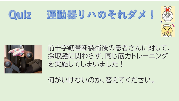 ACL再建術で採取する腱・靭帯により、トレーニングするべき筋は異なります。再建術で膝蓋腱を採取すると膝伸展筋力が、半腱様筋腱や薄筋腱を採取すると膝屈曲筋力が低下するため、採取腱により鍛えるべき筋が異なります。
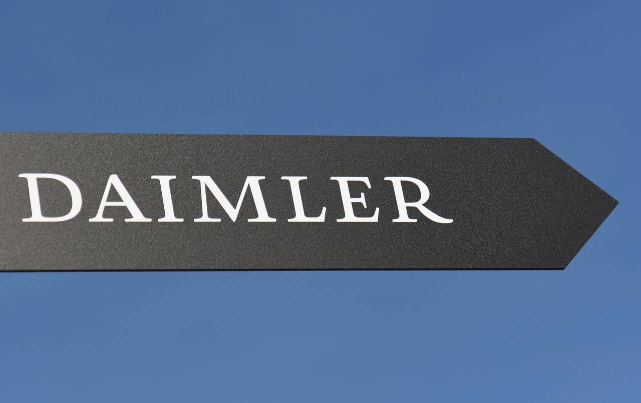 5月21日、ドイツ自動車大手ダイムラーのトラック・バス部門、ダイムラー・トラックのマーティン・ダウム最高経営責任者(CEO)はロイターに対し、排出量実質ゼロの燃料電池トラックへの移行に伴い、向こう15年で欧州のトラックエンジン工場の雇用は半減すると表明した。写真はダイムラーのサイン。独ハノーバーで2016年9月撮影(2021年 ロイター/Fabian Bimmer)
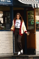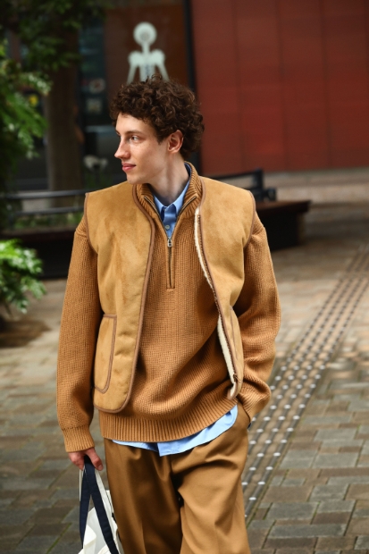 紺色のブレザー、ロゴスウェット、ケーブル編みのセーター。
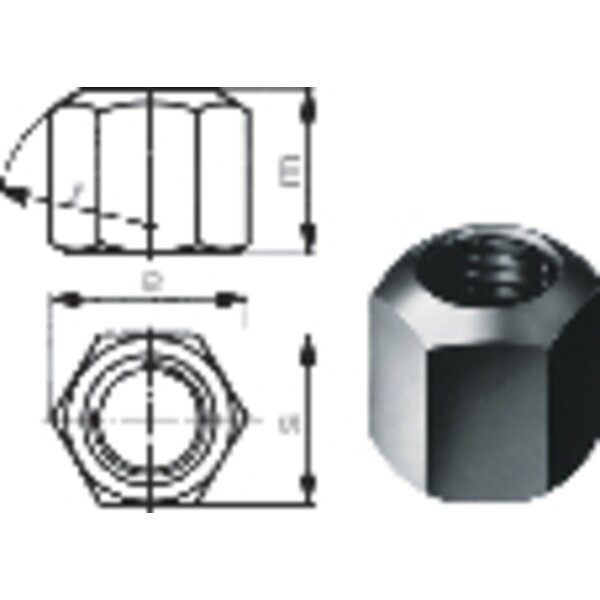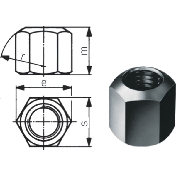 - hohe Mutter mit kugeligem Ende zur Verwendung mit Kegelpfannen DIN 6319 D und flachem Ende für die Unterlegscheiben DIN 6340
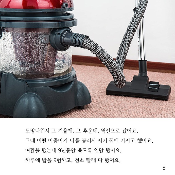 사진 8] 도망 나와서 그 겨울에, 그 추운데, 역전으로 갔어요. 그때 어떤 아줌마가 나를 불러서 자기 집에 가자고 했어요. 여관을 했는데 9년 동안 죽도록 일만 했어요. 하루에 밥을 9번하고, 청소 빨래 다 했어요.
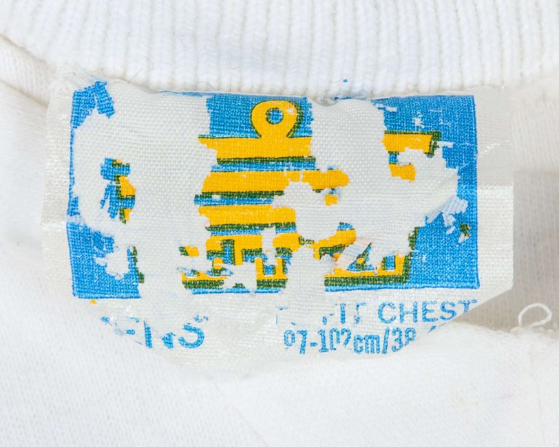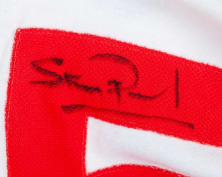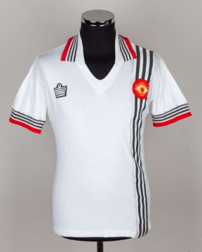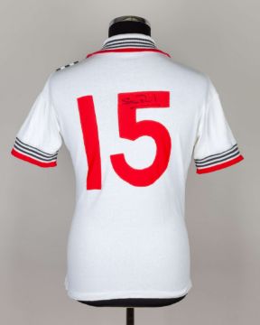 Stuart Pearson rare white, red and black No.15 Manchester United short-sleeved shirt, 1975, Admiral, 38/40, with v-neck collar and embroidered cloth badge, inscribed MANCHESTER UNITED FOOTBALL CLUB, the number autographed by Stuart Pearson, some staining throughout

---

Would you retype every record above exactly, leaving out the pictures?

**Result of the task**
 ACL再建術で採取する腱・靭帯により、トレーニングするべき筋は異なります。再建術で膝蓋腱を採取すると膝伸展筋力が、半腱様筋腱や薄筋腱を採取すると膝屈曲筋力が低下するため、採取腱により鍛えるべき筋が異なります。
 5月21日、ドイツ自動車大手ダイムラーのトラック・バス部門、ダイムラー・トラックのマーティン・ダウム最高経営責任者(CEO)はロイターに対し、排出量実質ゼロの燃料電池トラックへの移行に伴い、向こう15年で欧州のトラックエンジン工場の雇用は半減すると表明した。写真はダイムラーのサイン。独ハノーバーで2016年9月撮影(2021年 ロイター/Fabian Bimmer)
 紺色のブレザー、ロゴスウェット、ケーブル編みのセーター。
 - hohe Mutter mit kugeligem Ende zur Verwendung mit Kegelpfannen DIN 6319 D und flachem Ende für die Unterlegscheiben DIN 6340
 사진 8] 도망 나와서 그 겨울에, 그 추운데, 역전으로 갔어요. 그때 어떤 아줌마가 나를 불러서 자기 집에 가자고 했어요. 여관을 했는데 9년 동안 죽도록 일만 했어요. 하루에 밥을 9번하고, 청소 빨래 다 했어요.
 Stuart Pearson rare white, red and black No.15 Manchester United short-sleeved shirt, 1975, Admiral, 38/40, with v-neck collar and embroidered cloth badge, inscribed MANCHESTER UNITED FOOTBALL CLUB, the number autographed by Stuart Pearson, some staining throughout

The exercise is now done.